» EXERCISE
Please write out exactly the lines from the opening of the listing through the line that holds "El quadre ara", including both, and nothing else; no pictures.

» RECORDED INFORMATION
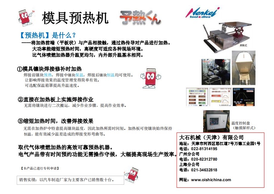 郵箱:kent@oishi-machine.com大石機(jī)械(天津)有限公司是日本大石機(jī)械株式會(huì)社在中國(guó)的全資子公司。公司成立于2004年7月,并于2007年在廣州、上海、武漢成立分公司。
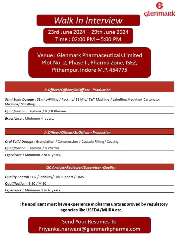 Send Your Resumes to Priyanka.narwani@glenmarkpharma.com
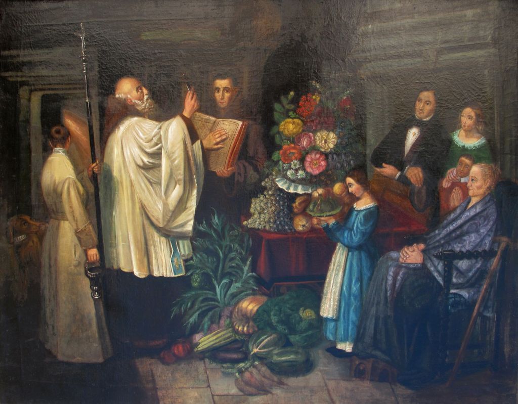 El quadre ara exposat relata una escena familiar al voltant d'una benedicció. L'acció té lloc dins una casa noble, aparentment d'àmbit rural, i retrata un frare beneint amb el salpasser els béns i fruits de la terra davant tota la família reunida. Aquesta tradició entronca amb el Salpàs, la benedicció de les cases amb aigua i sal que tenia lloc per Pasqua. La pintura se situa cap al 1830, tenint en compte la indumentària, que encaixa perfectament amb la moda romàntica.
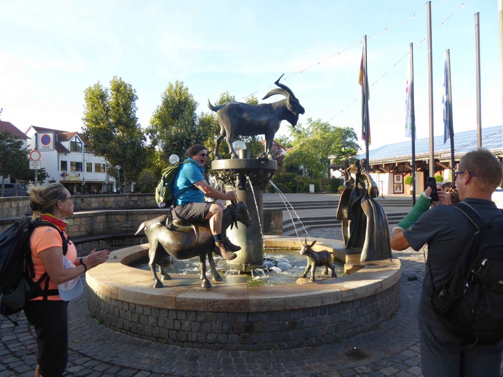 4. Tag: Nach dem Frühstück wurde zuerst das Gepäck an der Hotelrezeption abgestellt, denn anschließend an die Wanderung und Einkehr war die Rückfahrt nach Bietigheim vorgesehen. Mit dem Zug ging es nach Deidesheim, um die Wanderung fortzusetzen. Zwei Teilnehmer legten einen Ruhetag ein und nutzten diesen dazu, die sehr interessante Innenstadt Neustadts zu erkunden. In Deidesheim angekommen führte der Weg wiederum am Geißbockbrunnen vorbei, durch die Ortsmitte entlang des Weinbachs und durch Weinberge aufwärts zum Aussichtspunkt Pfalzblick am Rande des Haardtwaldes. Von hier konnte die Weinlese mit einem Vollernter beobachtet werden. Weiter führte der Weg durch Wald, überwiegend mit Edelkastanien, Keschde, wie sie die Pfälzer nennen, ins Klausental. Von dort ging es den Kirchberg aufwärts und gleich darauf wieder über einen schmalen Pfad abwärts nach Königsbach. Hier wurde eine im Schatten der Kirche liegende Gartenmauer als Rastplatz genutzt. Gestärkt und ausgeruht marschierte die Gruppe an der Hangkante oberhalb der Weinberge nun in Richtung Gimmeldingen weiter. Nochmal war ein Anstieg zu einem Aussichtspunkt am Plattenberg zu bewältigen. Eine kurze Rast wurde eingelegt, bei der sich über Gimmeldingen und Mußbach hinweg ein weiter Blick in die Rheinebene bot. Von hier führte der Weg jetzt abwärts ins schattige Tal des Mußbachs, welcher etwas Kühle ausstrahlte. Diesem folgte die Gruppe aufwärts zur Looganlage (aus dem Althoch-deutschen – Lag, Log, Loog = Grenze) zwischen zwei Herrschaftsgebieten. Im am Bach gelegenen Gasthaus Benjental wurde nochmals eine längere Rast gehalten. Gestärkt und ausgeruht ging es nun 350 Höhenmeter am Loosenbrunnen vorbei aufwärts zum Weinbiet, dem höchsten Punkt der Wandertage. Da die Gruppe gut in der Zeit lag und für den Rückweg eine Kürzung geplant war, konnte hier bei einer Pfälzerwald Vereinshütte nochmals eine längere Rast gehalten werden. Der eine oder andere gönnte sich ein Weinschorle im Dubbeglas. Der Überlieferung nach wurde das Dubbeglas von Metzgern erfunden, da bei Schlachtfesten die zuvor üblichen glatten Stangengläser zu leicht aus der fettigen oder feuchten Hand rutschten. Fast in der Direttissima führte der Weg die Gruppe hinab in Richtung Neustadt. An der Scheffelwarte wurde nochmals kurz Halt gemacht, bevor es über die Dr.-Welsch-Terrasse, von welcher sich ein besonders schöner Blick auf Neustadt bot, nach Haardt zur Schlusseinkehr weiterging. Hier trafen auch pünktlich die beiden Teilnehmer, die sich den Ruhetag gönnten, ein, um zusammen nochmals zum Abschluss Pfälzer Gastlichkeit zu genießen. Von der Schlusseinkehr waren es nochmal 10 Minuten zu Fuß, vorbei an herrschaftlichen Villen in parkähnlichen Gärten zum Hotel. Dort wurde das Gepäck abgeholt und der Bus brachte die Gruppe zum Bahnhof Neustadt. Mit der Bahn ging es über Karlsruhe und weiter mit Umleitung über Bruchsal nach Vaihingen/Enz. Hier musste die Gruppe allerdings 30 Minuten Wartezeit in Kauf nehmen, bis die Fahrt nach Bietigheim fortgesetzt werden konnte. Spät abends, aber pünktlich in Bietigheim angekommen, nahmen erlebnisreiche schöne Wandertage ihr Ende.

» ANSWER TO THIS PROBLEM
 郵箱:kent@oishi-machine.com大石機(jī)械(天津)有限公司是日本大石機(jī)械株式會(huì)社在中國(guó)的全資子公司。公司成立于2004年7月,并于2007年在廣州、上海、武漢成立分公司。
 Send Your Resumes to Priyanka.narwani@glenmarkpharma.com
 El quadre ara exposat relata una escena familiar al voltant d'una benedicció. L'acció té lloc dins una casa noble, aparentment d'àmbit rural, i retrata un frare beneint amb el salpasser els béns i fruits de la terra davant tota la família reunida. Aquesta tradició entronca amb el Salpàs, la benedicció de les cases amb aigua i sal que tenia lloc per Pasqua. La pintura se situa cap al 1830, tenint en compte la indumentària, que encaixa perfectament amb la moda romàntica.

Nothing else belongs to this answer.